Случайности исключены

   Машины поставили у дальнего края поселка, почти у самого леса. Дальше такой кавалькадой ехать было нельзя – переполошишь всю округу.
   Белов застегнул липучки на бронежилете, с трудом натянул сверху плащ.
   – Мы готовы.
   Как ни отбрыкивался Белов, а участие спецназа Службы Подседерцева в захвате поставили единственным и необсуждаемым условием. На все попытки Белова договориться со старшим группы тот упрямо отвечал, что будет делать так, как приказано. А когда приехали на место, вообще перестал обращать на Белова внимание, о чем-то тихо переговаривался со своими людьми, хлопал их по туго обтянутым камуфляжем спинам, и те беззвучно исчезали в темноте.
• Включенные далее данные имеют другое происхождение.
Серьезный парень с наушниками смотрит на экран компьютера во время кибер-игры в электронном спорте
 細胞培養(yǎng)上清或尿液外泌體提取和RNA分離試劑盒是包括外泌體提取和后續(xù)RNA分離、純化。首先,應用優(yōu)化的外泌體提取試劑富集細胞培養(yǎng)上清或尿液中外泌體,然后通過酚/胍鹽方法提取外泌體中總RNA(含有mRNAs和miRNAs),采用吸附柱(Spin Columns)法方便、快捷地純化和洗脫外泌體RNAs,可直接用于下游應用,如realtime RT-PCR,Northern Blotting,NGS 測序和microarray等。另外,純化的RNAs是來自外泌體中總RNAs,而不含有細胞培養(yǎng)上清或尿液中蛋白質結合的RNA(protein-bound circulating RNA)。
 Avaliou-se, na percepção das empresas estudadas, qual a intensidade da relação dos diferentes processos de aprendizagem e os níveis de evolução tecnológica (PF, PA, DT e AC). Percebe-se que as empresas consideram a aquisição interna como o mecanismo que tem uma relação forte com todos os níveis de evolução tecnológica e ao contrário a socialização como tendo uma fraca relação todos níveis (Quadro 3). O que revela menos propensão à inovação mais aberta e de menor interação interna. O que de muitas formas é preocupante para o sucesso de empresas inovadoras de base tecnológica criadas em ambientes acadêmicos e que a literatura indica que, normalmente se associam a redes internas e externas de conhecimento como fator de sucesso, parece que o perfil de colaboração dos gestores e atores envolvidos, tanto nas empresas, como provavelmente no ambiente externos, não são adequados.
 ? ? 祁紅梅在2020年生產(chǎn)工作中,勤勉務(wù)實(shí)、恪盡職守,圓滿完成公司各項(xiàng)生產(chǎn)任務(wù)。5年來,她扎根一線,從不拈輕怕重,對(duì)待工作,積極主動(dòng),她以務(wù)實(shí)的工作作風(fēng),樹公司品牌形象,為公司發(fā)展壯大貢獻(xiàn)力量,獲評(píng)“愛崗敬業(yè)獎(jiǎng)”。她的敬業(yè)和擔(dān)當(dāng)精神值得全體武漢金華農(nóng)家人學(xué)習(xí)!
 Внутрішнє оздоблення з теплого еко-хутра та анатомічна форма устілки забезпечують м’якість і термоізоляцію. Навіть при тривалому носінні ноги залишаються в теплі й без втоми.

   – Мы готовы, – чуть громче повторил Белов.
   – Не ори, – прохрипел старший группы. – Вижу. Он, не скрывая презрения, окинул взглядом воинство Белова. Зрелище было не для слабонервных. Димке кто-то из боевиков, скорее всего в шутку, чем для пользы, сунул простую армейскую каску, выщербленную за время долгой службы. И теперь Димка сверкал от счастья глазами из-под ее гнутого края. Практичный Барышников успел переодеться в старый ватник и высокие сапоги. Если бы не недовольная мина, вполне бы напоминал дачника, прогуливающегося по лесу. Макаров и Семенов, оба в куцых куртках, жались к теплому радиатору машины.
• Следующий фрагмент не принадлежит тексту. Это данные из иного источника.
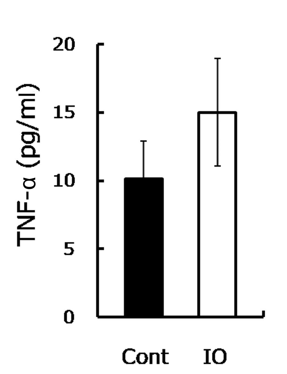 The increased bone resorption indicated that the osteoclastic activity was stimulated. Since IO was demonstrated to induce the TNF-α expression that further triggers osteoclastic function (13,22,23), the TNF-α level was measured. Consistent with a previous study (13), the TNF-α level in the IO mice was approximately 1.5-fold higher compared to the control group (Fig. 3), as shown. TNF-α was demonstrated to be involved in the enhancement of the development of osteopenia and osteoporosis (14,15). TNF-α promoted osteoclastogenesis through synergizing with a permissive level of the receptor activator of NF-κB ligand (RANKL), as well as through directly affecting osteoclasts (16,17). In the current study, a high serum TNF-α level was observed in mice with IO. The increased TNF-α is likely to promote the osteoclastic function and enhance inflammatory osteolysis, resulting in advanced bone resorption (24). Therefore, upon IO exposure, although increased TNF-α was not involved in mineralization inhibition, it accelerated bone loss and eventually reduced bone strength.
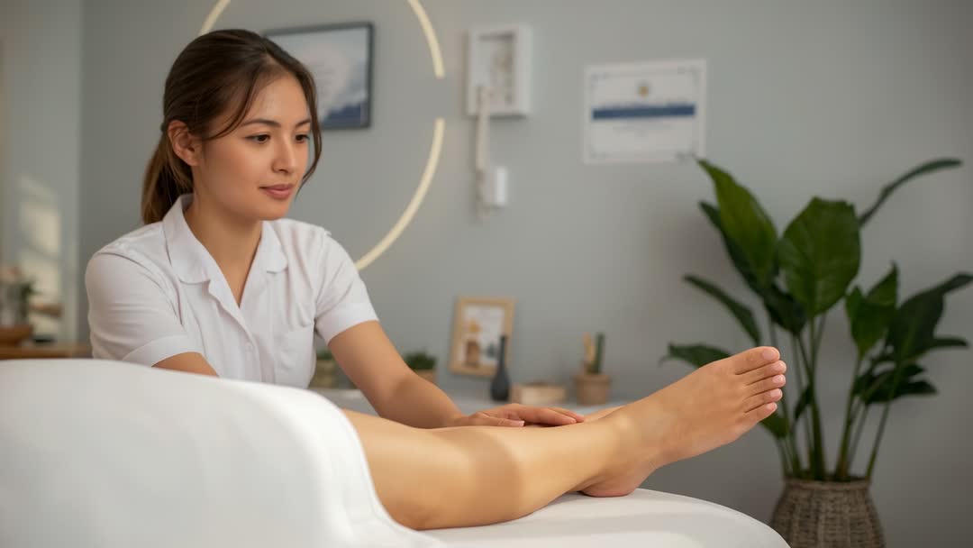 - Masseuse Massaging Calves in Relaxing Spa Environment

   – И куда ты с ними? – процедил старший. – Дело завалить хочешь?
   – Не твое дело. Приказ помнишь? – Белов едва сдержался. – Ты берешь дачу, остальное – моя забота.
   – Ее еще взять надо. – Старший отвернулся. Долго молчал, вглядываясь в притихший поселок. Ушедшие в темноту, наверное, подали какой-то сигнал, Белов не заметил, но старший с облегченным вздохом повернулся.
   – Все, обложили! – Он подошел вплотную. – Как тебя, Белов, да?
   – Кому подполковник Белов, кому – Игорь.
   – Сиди здесь, Игорь. Возьмем дачу – позову.
   – Я должен быть там, – отрезал Белов. – Мне не трупы, а задержанные нужны.
   Без меня вы там накуролесите в полный рост.
   – Меньше ушами надо было хлопать! Арестовал бы ты их раньше где-нибудь в Москве, без шума и пыли, как все нормальные люди делают, не было бы проблем. А то сидите в кабинетах, сопли жуете...
   – Не понял?
   – А что тут понимать! Там, по нашим данным, до шести человек охраны. Дай бог, перепились и спать завалились. А если нет? Устроят нам маленький Сталинград... А тут еще ты под ногами путаться будешь.
   – Я вхожу в дом вместе с твоими людьми, – твердо сказал Белов.
   – Давно похорон в отделе не было? – зло усмехнулся старший.
* * *
   Белов мысленно досчитал до десяти, немного помогло. Перед ним стоял огромный мужик, с грубо вырубленными чертами лица и тяжелым взглядом глубоко посаженных глаз. Широкая грудь, закованная в кевларовую броню, в широкой ладони легко лежит тяжелый шлем-капсула. Римский центурион. И мышление наверняка такое же. Во все века был и будет спрос на таких, готовых драться с кем и где угодно.
   Может, с дикими зверями на арене, может, с галлами, лишь бы Цезарь отдал приказ. А желания, хуже – жажды крови – всегда в избытке. Белов понял, матом ничего не добьешься, а выходить на связь с начальством и требовать урезонить этого «волкодава» – унижать себя. Надо было срочно найти подход к Терминатору, как про себя прозвал его Белов.
   – Слушай, – Белов встал ближе, почти касаясь богатырской груди старшего, – у меня уже один прокол был, второго не простят... Я это дело до конца довести должен. Должен! Считай, что это вопрос чести.
   – Ладно тебе, Игорь. – Старший похлопал его по плечу тяжелой ладонью. – Не меньше твоего за дело болею. Меня же тоже инструктировали до потери сознания.
   Не дай бог, лопухнемся, Подседерцев кастрирует без наркоза. Ну куда ты со своими лезешь, а? По пуле захотелось?
   Белов понял – не то. Чужие проблемы никого не волнуют.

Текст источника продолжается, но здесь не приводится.